A number of registered investment advisory firms—including some well-know billion-dollar shops—are vowing to hold on to all of their talent as the coronavirus challenge continues despite anticipating a sharp haircut to revenues.

According to advisors Financial Advisor magazine talked to across the country, retaining staffing is a priority to firms as they ramp up customer service and communication. That’s despite what is likely to be a 30% decrease in assets and revenues for advisor firms for the foreseeable future.

How important is to retain talent now, despite a shrinking bottom line? “Advisors are in the unique position where as revenue goes down, service needs to be at its highest. So keeping our team in place is really important,” said Timothy Wyman, managing partner at the Center for Financial Planning in Southfield, Mich., which has $1 billion in AUM. “We think that it’s people over profits and [we] won’t be doing any layoffs.”

While staff and salaries may be the biggest expense any advisor firm has, “in 2008 to 2009 we worked really hard to keep our team intact and believe that we benefited from it,” Wyman said.
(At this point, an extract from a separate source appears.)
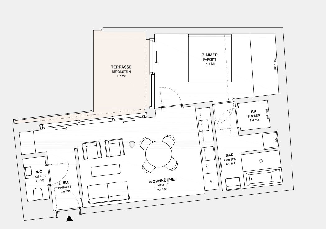 ++ Bei den hier dargestellten Fotos handelt es sich um ähnliche, bereits fertiggestellte Wohnungen des selben Projektentwicklers. Aktuelle Bilder des Projektes MOLLARD50 werden nächste Woche nachgereicht. Der dargestellte Plan/Grundriss ist der der tatsächlichen
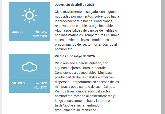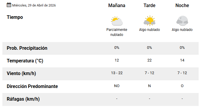 Cielo mayormente despejado, o con alguna nubosidad por momentos. Condiciones relativamente estables. Temperaturas en suave ascenso. Vientos leves a moderados predominando del sector norte, oscilando entre el noroeste y el noreste.

Keeping fully staffed will be more challenging for some firms than others, depending on their emergency planning, liquidity and ability to fund their business operations. The financial models Wyman’s firm uses estimate they need to plan for a 30% financial asset and revenue decrease. “We have to plan for a two-to-three-year period before we see pre-virus revenues,” Wyman said.

He added that kind of challenge is likely to put pressure on more thinly capitalized advisory firms. “It’s not only crucial for firms to be running a fiduciary practice at this moment, they also have to be running a solid business. You have to be both. Time will tell how many are able to do it,” Wyman said.

Josh Brown, CEO of Ritholtz Wealth Management in New York City, which has more than $1 billion in AUM, said that rather than laying off any staff, he actually has a new chief compliance officer who will be starting with the firm virtually.

“I made a decision we are not going to participate in this recession,” he said. “There’s too much work to be done. The worst thing you can do right now is to have clients call a phone that doesn’t get answered.”

While Bank of America Merrill Lynch estimated that as many as three million American jobs will be lost by the end of this week, Brown said advisors can only control their response to it.

“Staffing in our industry is absolutely critical right now,” he said.